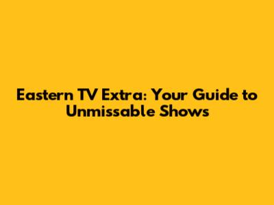 Eastern TV Extra: Your Guide To Unmissable Shows
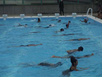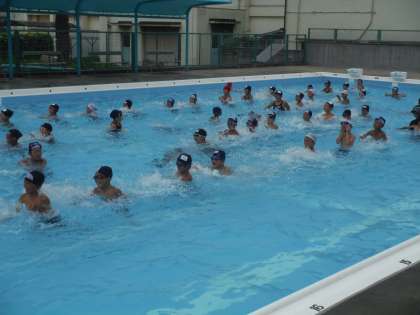 今日は、曇り空で少し涼しかったようですが、たくさんの子どもたちがプール水泳に来てくれました。
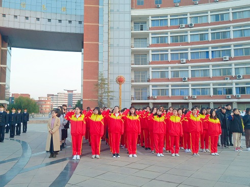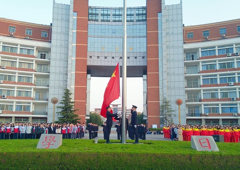 在全体师生的注目下,国旗护卫队队员们护送鲜艳的五星红旗进场,在场全体师生行注目礼,表达了对伟大祖国的无限热爱与崇高敬意。
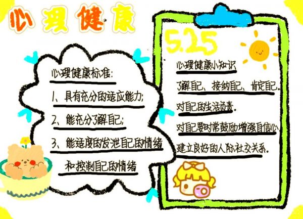本电子版手抄报以“心理健康标准”和“心理健康知识”为核心内容,通过简洁明了的布局和生动的卡通插图,旨在向大家普及心理健康的相关知识。
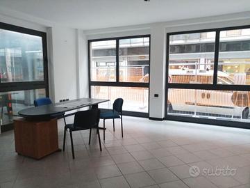 P.TERRA - Ingresso su ampia zona open (facilmente divisibile grazie alle ampie vetrate fronte strada), altro vano sempre ad ufficio ed un comodo e rifinito bagno....(mq 40).
◇ ◇ ◇ ◇
(WHAT YOU NEED TO DO) The answer must be an exact copy of the lines from the one with "今日は、曇り空で少し涼しかっ" through the final line above, both ends included, and nothing else; pictures stay out.

(WRITTEN RESPONSE)
 今日は、曇り空で少し涼しかったようですが、たくさんの子どもたちがプール水泳に来てくれました。
 在全体师生的注目下,国旗护卫队队员们护送鲜艳的五星红旗进场,在场全体师生行注目礼,表达了对伟大祖国的无限热爱与崇高敬意。
本电子版手抄报以“心理健康标准”和“心理健康知识”为核心内容,通过简洁明了的布局和生动的卡通插图,旨在向大家普及心理健康的相关知识。
 P.TERRA - Ingresso su ampia zona open (facilmente divisibile grazie alle ampie vetrate fronte strada), altro vano sempre ad ufficio ed un comodo e rifinito bagno....(mq 40).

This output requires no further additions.